Since the material was not proved to be "work product" there was no burden on appellee to show substantial need or undue hardship as a prerequisite to discovery. Under Code Ann. 81A-126 (b) (1) the existence, description, nature, custody, condition and location of any books, documents, or other tangible things and the identity as to location of persons having knowledge of any discoverable matter is within the scope of discovery. This includes an inquiry into the contents of the documents. ". . . [I]nquiry as to the contents of relevant documents comes within the general phrase 'any matter, not privileged, which is relevant to the subject matter involved in the pending action.' " 4 Moore's Fed. Prac., p. 26-217, 26.58. The questions propounded by appellee were within the scope of acceptable discovery.

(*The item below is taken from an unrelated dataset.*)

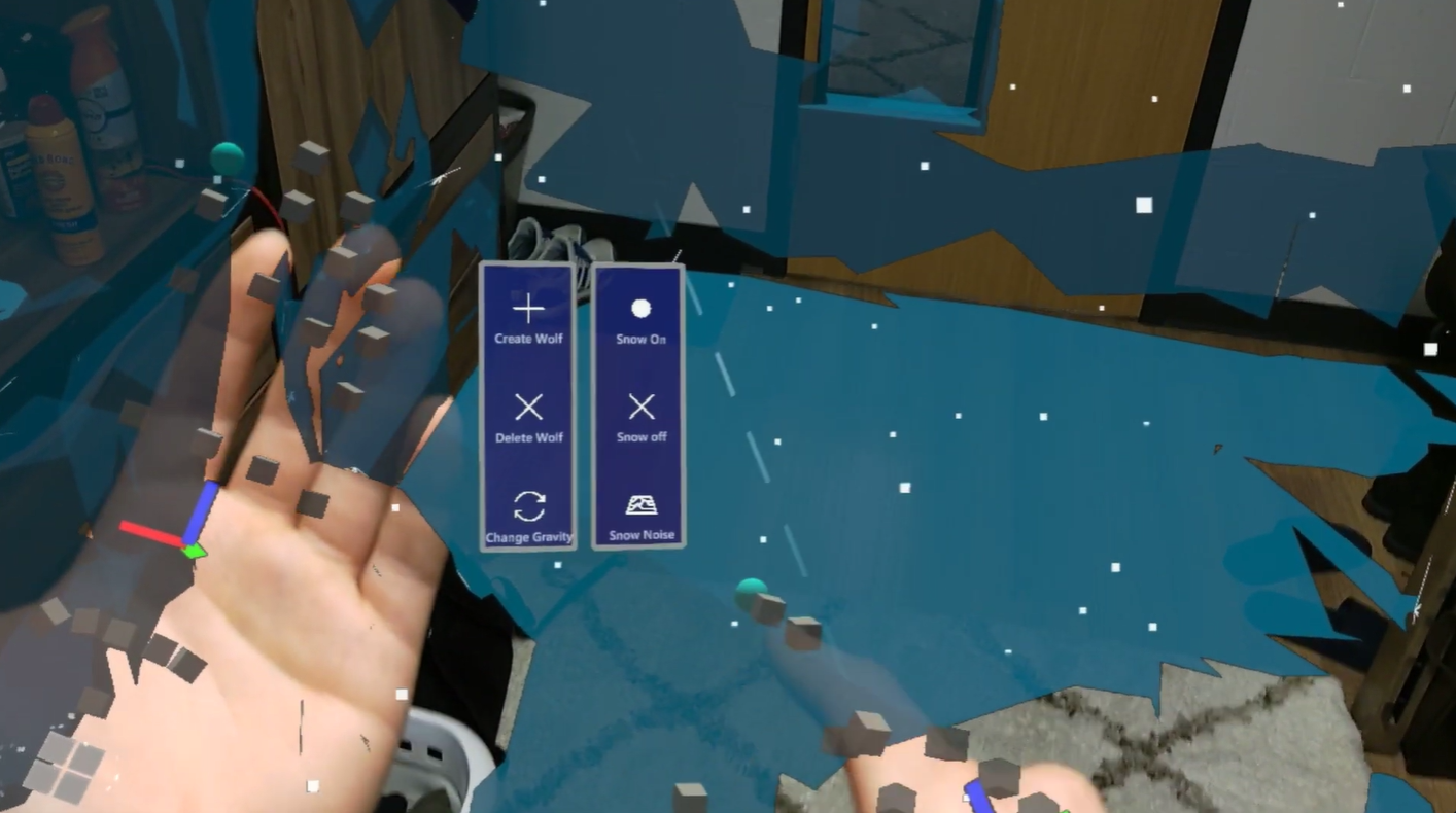 Solution: I built a HoloLens 2 tech demo using MRTK2 and Microsoft Scene Understanding to generate a real‑world floor mesh which was converted into a runtime nav mesh. Users spawn winter‑themed wolves that obey gravity and randomly roam the mesh. A hand menu toggles snowfall particle systems, adjusts wind strength influencing snow drift, and spawns additional wolves. The project won 1st place for its innovative use of spatial understanding and intuitive hand‑tracked controls without peripherals.

Appellant contends that interrogatory number three is objectionable in its entirety because it requires disclosure of its trial preparation, citing Uinta Oil Refining Co. v. Continental Oil Co., 226 FSupp. 495 (D. Utah 1964). The pattern of investigation and exploration is not a proper subject for discovery. The determination however must be based upon relevancy of the interrogatories. In the Uinta Oil case, the contested inquiry went to the names of all persons from whom the party, its officers, employees or agents had taken or requested statements. This was held too broad. In the case sub judice the inquiry was limited to eyewitnesses and persons with some knowledge of the accident and only names of persons who had made statements were requested. Such an inquiry was relevant to the "subject matter involved in the pending action."
In such interlocutory rulings of the trial court as the sustaining or overruling of objections to interrogatories, the ruling of a trial court judge will be reversed only upon a showing of a clear abuse of discretion. Johnson v. O'Donnell, 123 Ga. App. 375 (181 SE2d 291)
. We find no such abuse of discretion involved here.